In Uber’s view, it is merely the medium through which customers are connected with drivers. Its entire business model, and those of competitors like Lyft, is premised on having its drivers classified as independent contractors because of the cost savings associated with that status. In particular, by having its drivers treated as independent contractors, Uber avoids the comprehensive burdens imposed by the California Labor Code and also the need to provide benefits, like health care. Those savings allow Uber to provide drivers to customers in a way that is nearly as affordable as a traditional cab ride.
Barbara Ann Berwick, an Uber driver, brought a claim with the DLSE seeking reimbursement for mileage, gas and tolls, and she also sought compensation for the time that she drove. The DLSE, which is notorious for being an employee-friendly forum, found in Ms. Burwick’s favor. It relied heavily on a 1991 decision involving a cab company who claimed that its drivers were independent contractors and thus ineligible for worker’s compensation when injured. on the job. In that case, the California Court of Appeals relied principally on the fact that cab drivers were not “engaged in occupations are businesses distinct from that of the [cab companies]. Rather their work is the basis for the [cab companies'] business. The [cab companies] obtain the clients who are in need of delivery services and provide the workers who conduct the service on behalf of the cab companies.” The DLSE found that Uber’s lack of control over its drivers — their freedom to drive who they wanted, when they wanted and as much or as little as they wanted — was irrelevant. It found that only a “minimal degree of control quote was required.”

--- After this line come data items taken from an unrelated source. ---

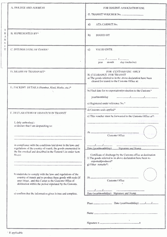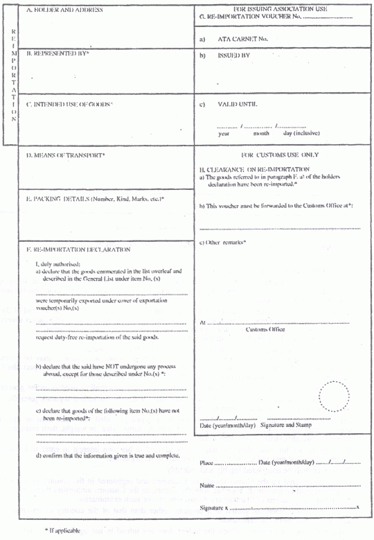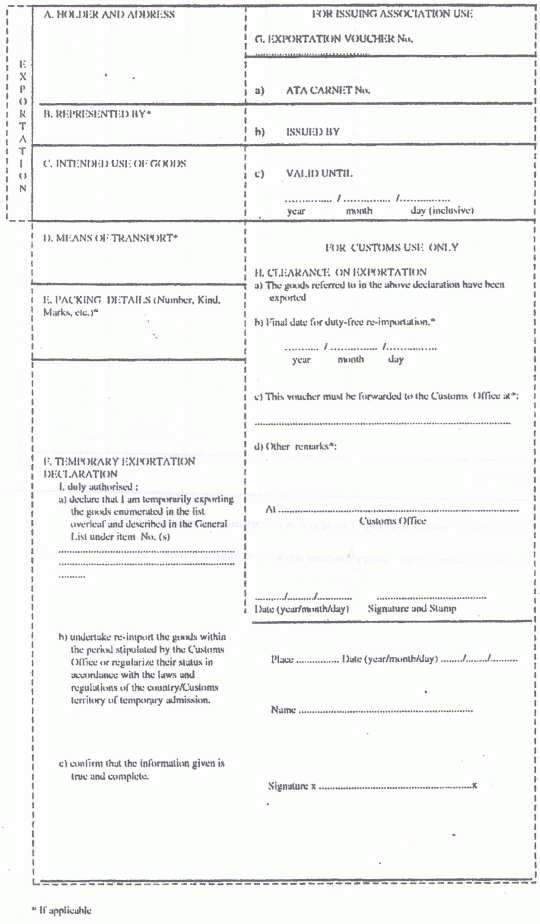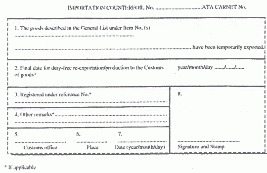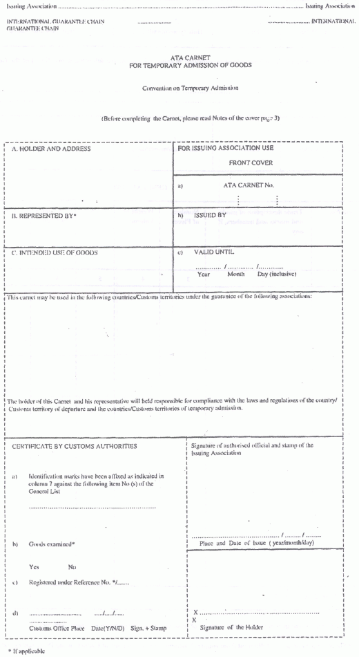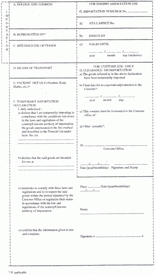 (d) "temporary admission papers" means: the international Customs document accepted as a Customs declaration which makes it possible to identify goods (including means of transport) and which incorporates an internationally valid guarantee to cover import duties and taxes;
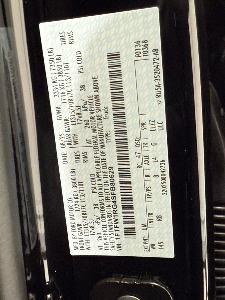 17" Cast Aluminum Wheels, LT315/70R17 Black Sidewall All-Terrain Tires, 4.10 Electronic Locking Rear Axle, 7,350 lb Gross Vehicle Weight Rating Package, Graphics Delete, 360-Degree Camera, B&O Unleashed Sound System with 14 Speakers, Bed Utility Package, FordPass Connect with 5G Wi-Fi Hotspot and Telematics Modem, FOX Live Valve Shocks, Mobile Office Package, Pro Trailer Backup Assist, Pro Trailer Hitch Assist, Reverse Sensing System and Rear View Camera, Skid Plates, SYNC 4 with Enhanced Voice Recognition and 12" Screen, Terrain Management System, Trail Control.
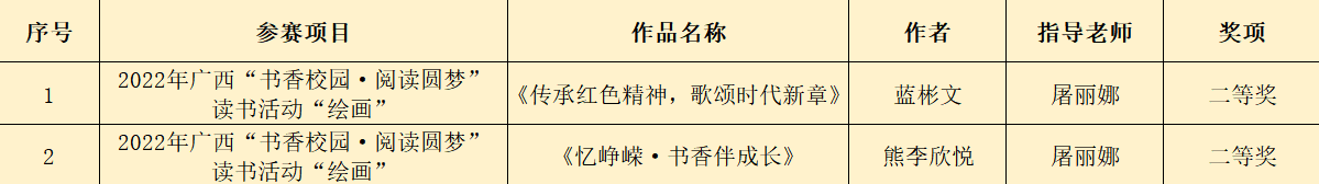 为进一步引导广西中小学校师生积极开展阅读活动,创建书香校园,提高图书的使用效益,充分发挥图书的育人功能,自治区教育厅组织开展了2022年广西“书香校园·阅读圆梦”读书活动。我校动漫专业学生在本次活动中获得二等奖2项。
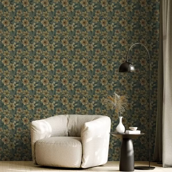 Tapeta Okrové květy na tmavě zeleném pozadí, hustý vzor Nr. a00628
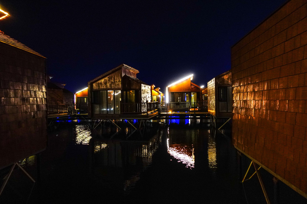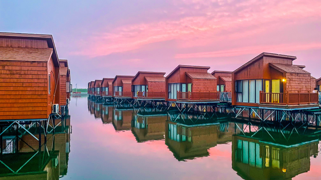 一座座充满异国风情,人字形的屋顶,风格迥异的水上小木屋,色彩斑斓、静静的矗立在海岛之上。四周环海,利用得天独厚的地理位置,让每一间房打开窗、推开门就能拥抱自然,享受难得的悠闲与惬意。
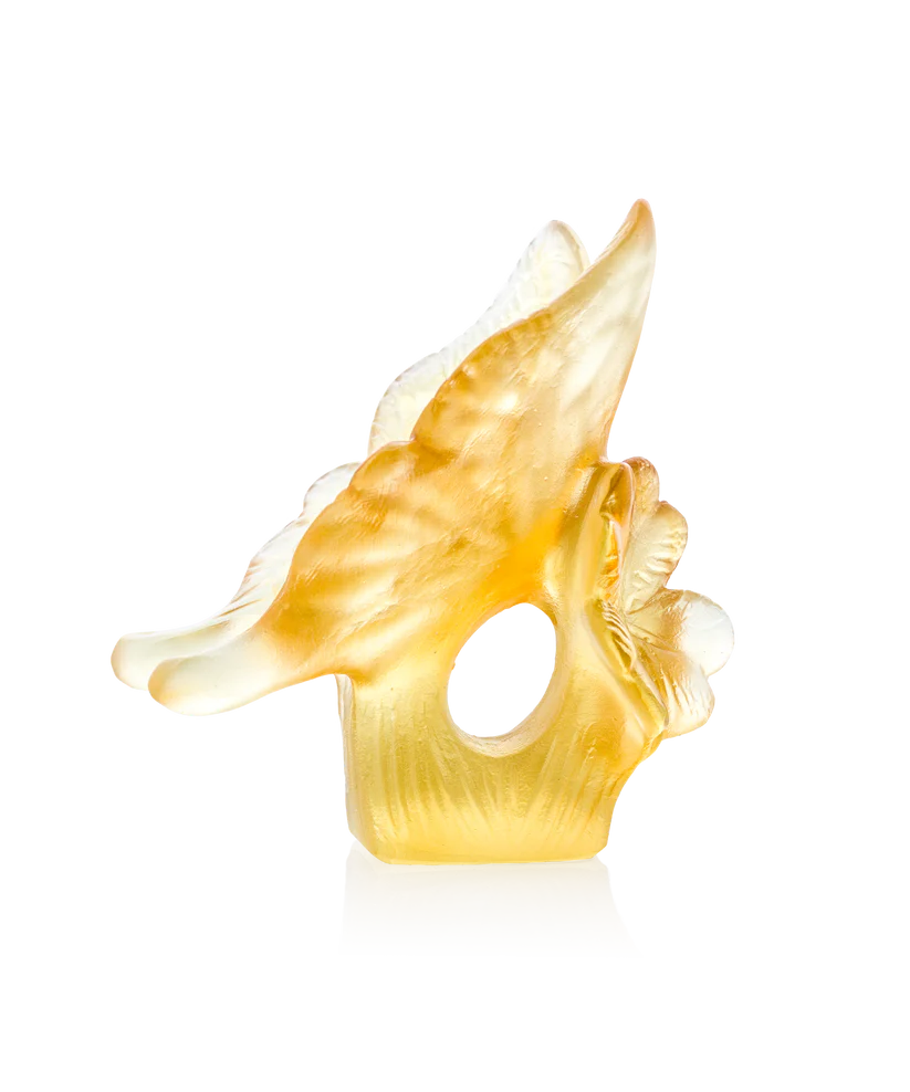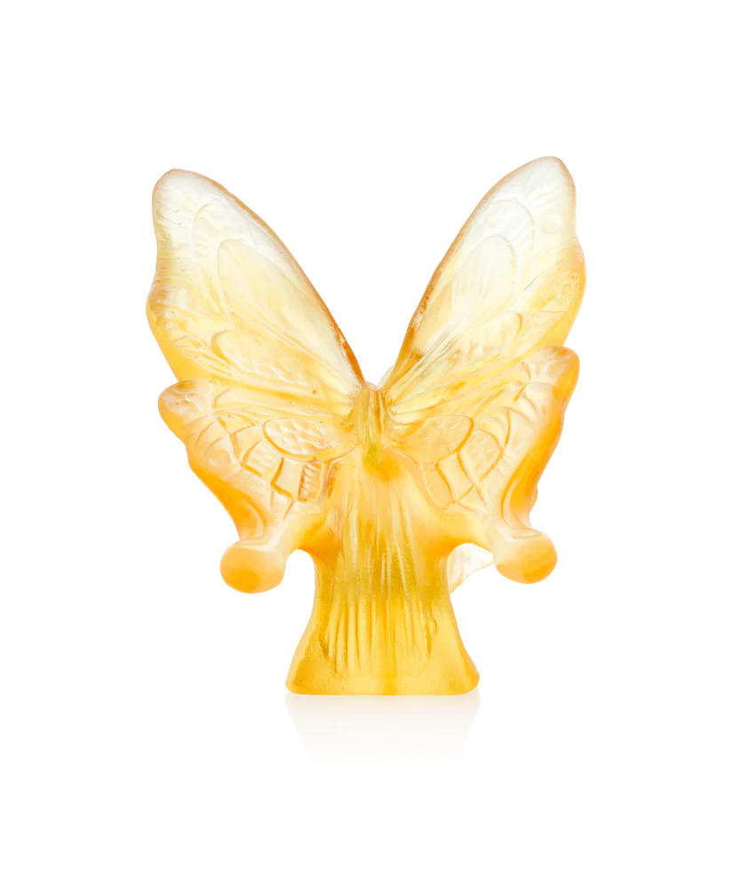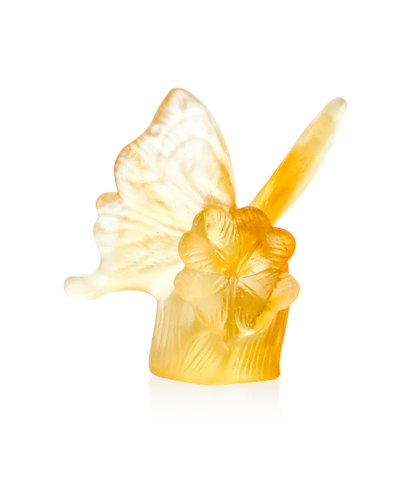 Ce Papillon Daum Jaune & Ambre, inspiré par l’élégance frivole des papillons dansant au gré des jardins ensoleillés, est un éloge à la nature. Façonnée en pâte de verre, technique séculaire maîtrisée par Daum, cette sculpture délicate capture l’éclat de lumière et la richesse des tons ambre. Les ailes déployées, figées dans un mouvement éternel, révèlent des transparences colorées et une expression saisissante. Ce papillon, symbole de transformation et de renaissance, apporte une touche de poésie et de lumière naturelle à votre espace. Il invite à une contemplation apaisante, au raffinement et à l’émerveillement. Création unique de la prestigieuse cristallerie Daum.
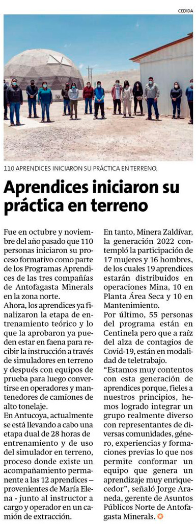 Aprendices de Antofagasta Minerals iniciaron su fase práctica en terreno - (diarioantofagasta)
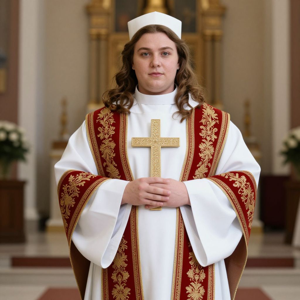 Plus Size Pious Priest Costume, priest in white robe and red and gold stole holding a cross
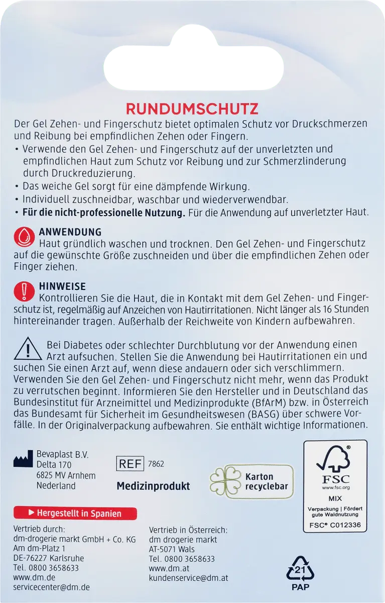 Гелевая защита пальцев ног и пальцев Balea может защитить чувствительные пальцы ног или пальцев от боли при надавливании и трения. Материал легко режется и его можно стирать.
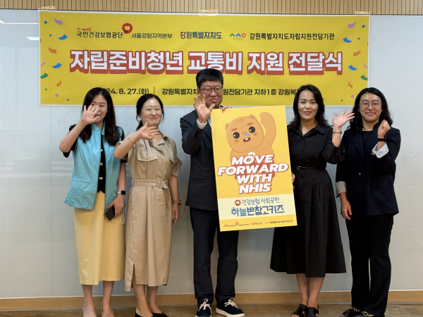 [충청뉴스큐] 국민건강보험공단 서울강원지역본부는 8월 27일 오전 10시, 강원특별자치도자립지원전담기관에 자립준비청년들을 위한 교통카드 100매를 전달했다.
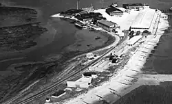 Two unfinished Saunders-Roe Princess flying boats, designed to carry 100 passengers and with a range of 5000 miles, were cocooned at RAF Calshot, near the island hangar during the 1950s and 1960s, before being scrapped.[9] The third one was cocooned at Cowes.
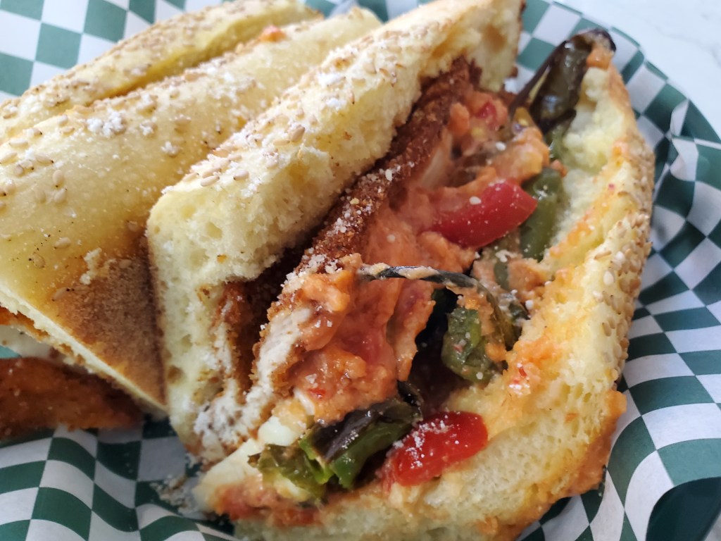I went with my usual cheesesteak with fried onions. It came on a seeded roll with Cooper Sharp cheese by default. My wife ventured off the printed menu and ordered the special sandwich of the day, “The Carbone,” which featured a spicy chicken cutlet with vodka sauce, cherry peppers, long hots and Mozzarella on the same seeded roll.
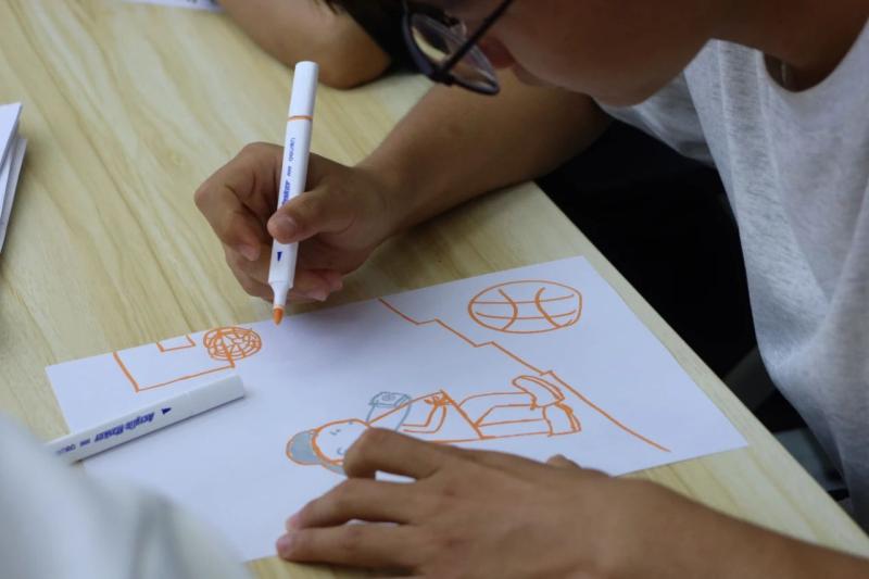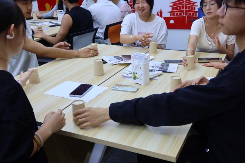 培训中,学员们根据音乐节奏进行纸杯传递,在轻松快乐的氛围中,快速进入培训状态。学员们通过“自画像”和看图自我介绍环节,以兴趣、性格、能力、价值观为引线,深入地剖析自我。

This decision, which will be reviewed de novo in court, is fundamentally flawed. In California, as in most states, the critical factor for determining whether someone is an independent contractor is the extent of control that an employer exerts over them. Think about the classic independent contractor: the plumber. A plumber has the freedom to choose who he works for, when he worked for them, and how he will perform those services. He uses his own tools and he is free to work for as many or as few customers as he chooses. The mere fact that a customer hires a plumber to fix a leaky pipe and asks him to come on a particular day does not mean that the customer is employing the plumber.
Each of those factors are present with an Uber driver. They choose when and how much they work, they provide their own equipment (i.e., a car), and they choose the customers they want to service. Uber provides its app and sets the rates for the services.
And, of course, Uber is not a traditional cab company. Uber drivers are not dispatched to customers nor do they pick up fares on the side of the street; they choose their customers on their mobile phones. Uber drivers don’t lease a cab from their employer; they use their own car. And, unlike a traditional cab driver, Uber drivers are free to drive for other cab companies or independently.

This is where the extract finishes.